The data below is to be transcribed word for word; pictures are to be excluded.

DATASET EXCERPT:
==============================
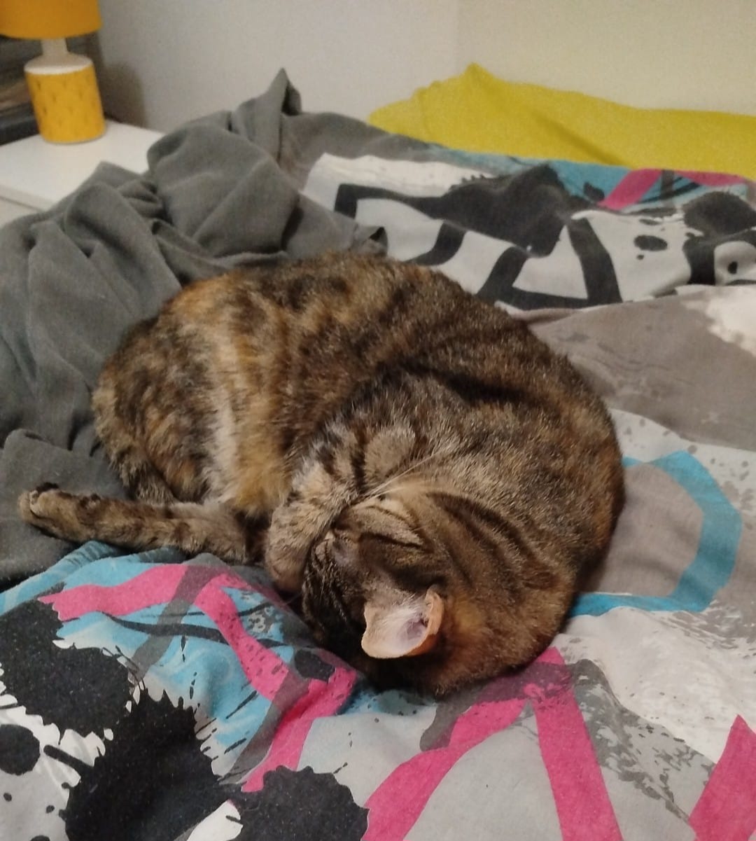 J’ai pu développer avec elle un quotidien du réveil ( dès qu’elle l’entend elle vient voir) jusqu’à lui donner à manger à la main pour ces petites friandises du matin ( elle miaule pour les réclamer).
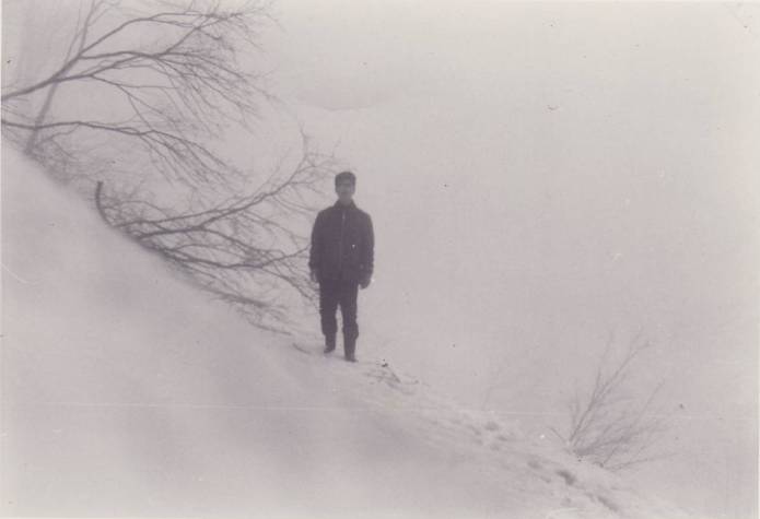 もう1つ、中1の冬(1956年[昭和31年]2月)に、家近くの三宗の丘の小道を1人でスキーで滑走していたときに、Y 字形に小道が合流する地点で6人の少年少女の乗った鋼鉄製の犬ゾリと衝突し、私のスキーはソリの下にもぐりこみ、私の体はソリに乗った少年たちの上を飛び越えて、
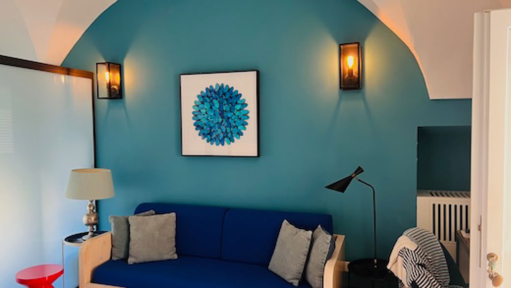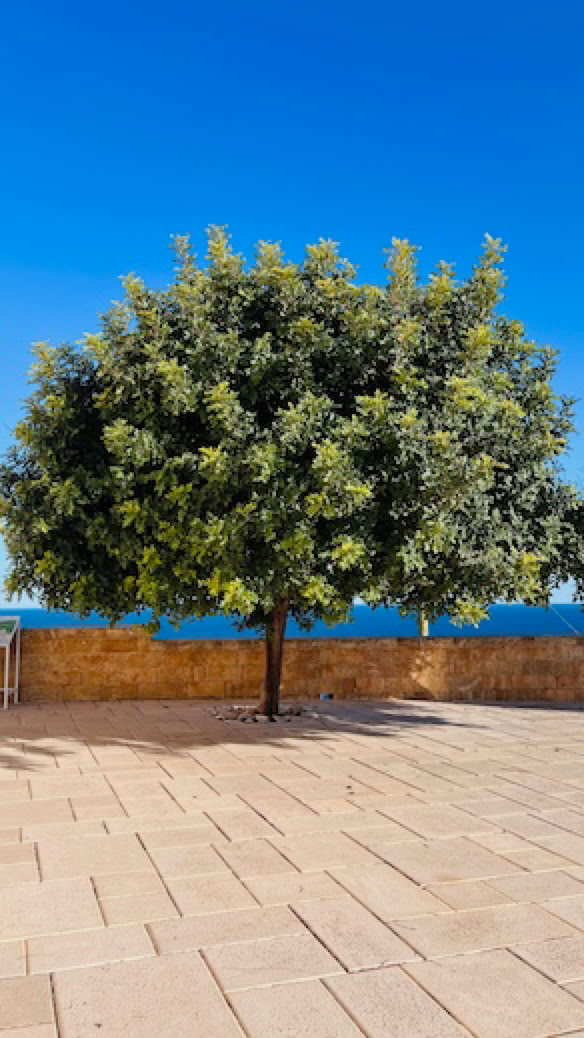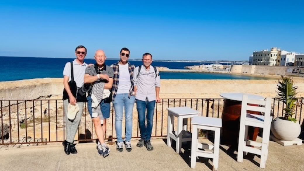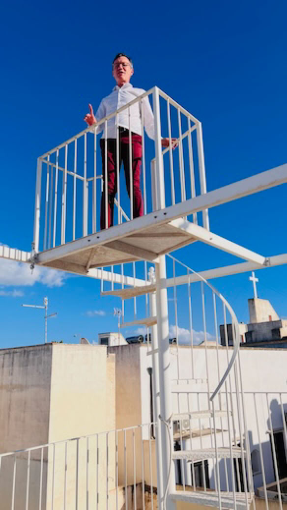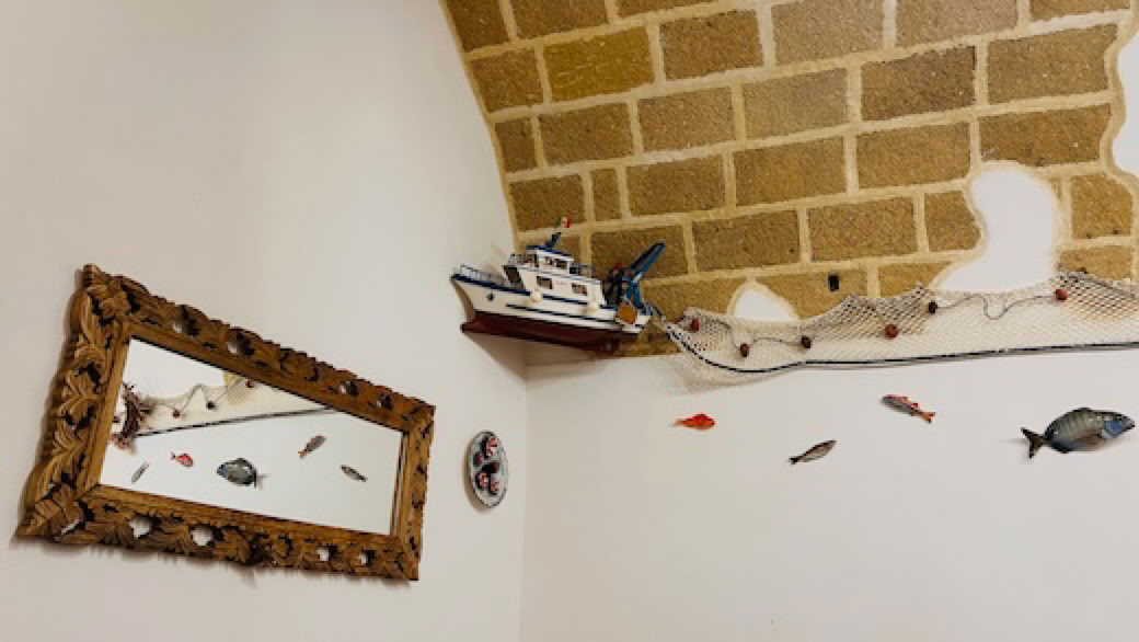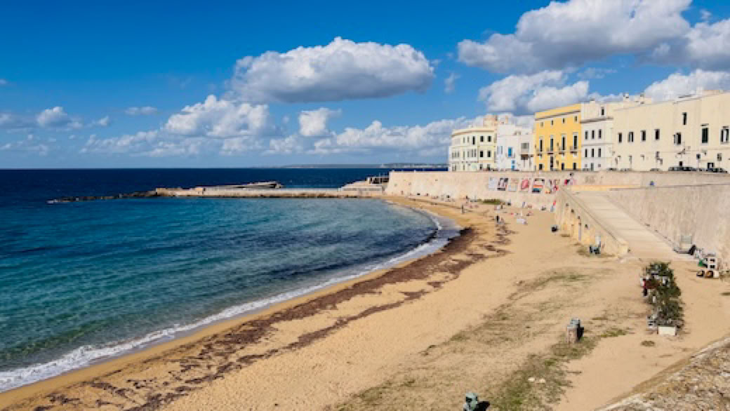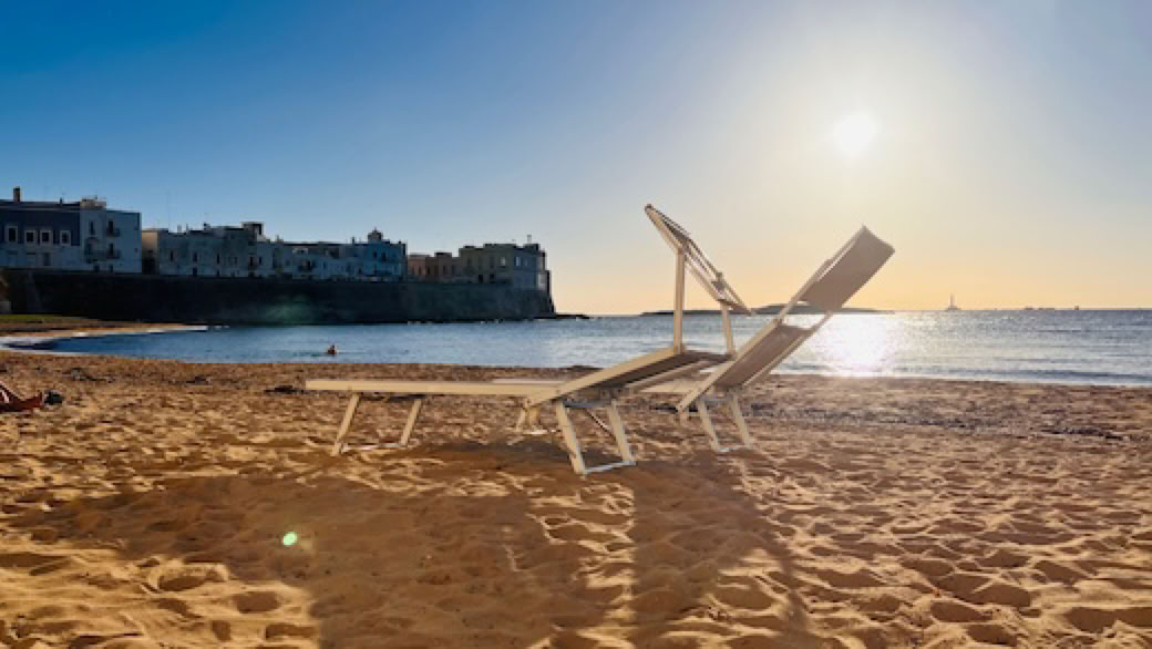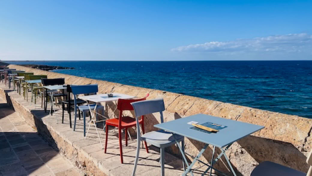 Après un dernier bon petit déjeuner à l’hôtel Casino Ridola et un café au soleil au bord de la piscine, nous prenons la route vers Gallipoli via Tarente, trés industriel, et en suivant plutôt des routes secondaires le long de la côte Ouest du talon de la botte. Pause café et plein de la Jeep vers 11h dans une station ENI et arrivée à Gallipoli à 13h. Nous garons la voiture sur le parking du port et découvrons le charmant front de mer de la ville historique. Il fait vraiment très beau, et nous nous installons au soleil sur les petites tables colorées d’un café, en surplomb de la mer et de la plage. Nous mangeons un peu, en profitant de la vue, et en attendant la disponibilité de notre logement. Vers 14:30, nous allons Via Galateo où se trouve notre « hôtel ». Dans une ancienne maison bourgeoise, toute en hauteur, notre chambre se trouve tout en haut, accessible par d’étroits escaliers de pierre extérieurs. Pas facile avec les valises, mais nous avons une petite terrasse privative et la décoration de la chambre est moderne et chaleureuse. Au dessus de la chambre, il y a encore une autre terrasse et même une sorte de vigie avec vue que Pierre aura le courage d’essayer.
==============================
SOLUTION TO THIS PROBLEM:
 J’ai pu développer avec elle un quotidien du réveil ( dès qu’elle l’entend elle vient voir) jusqu’à lui donner à manger à la main pour ces petites friandises du matin ( elle miaule pour les réclamer).
 もう1つ、中1の冬(1956年[昭和31年]2月)に、家近くの三宗の丘の小道を1人でスキーで滑走していたときに、Y 字形に小道が合流する地点で6人の少年少女の乗った鋼鉄製の犬ゾリと衝突し、私のスキーはソリの下にもぐりこみ、私の体はソリに乗った少年たちの上を飛び越えて、
 Après un dernier bon petit déjeuner à l’hôtel Casino Ridola et un café au soleil au bord de la piscine, nous prenons la route vers Gallipoli via Tarente, trés industriel, et en suivant plutôt des routes secondaires le long de la côte Ouest du talon de la botte. Pause café et plein de la Jeep vers 11h dans une station ENI et arrivée à Gallipoli à 13h. Nous garons la voiture sur le parking du port et découvrons le charmant front de mer de la ville historique. Il fait vraiment très beau, et nous nous installons au soleil sur les petites tables colorées d’un café, en surplomb de la mer et de la plage. Nous mangeons un peu, en profitant de la vue, et en attendant la disponibilité de notre logement. Vers 14:30, nous allons Via Galateo où se trouve notre « hôtel ». Dans une ancienne maison bourgeoise, toute en hauteur, notre chambre se trouve tout en haut, accessible par d’étroits escaliers de pierre extérieurs. Pas facile avec les valises, mais nous avons une petite terrasse privative et la décoration de la chambre est moderne et chaleureuse. Au dessus de la chambre, il y a encore une autre terrasse et même une sorte de vigie avec vue que Pierre aura le courage d’essayer.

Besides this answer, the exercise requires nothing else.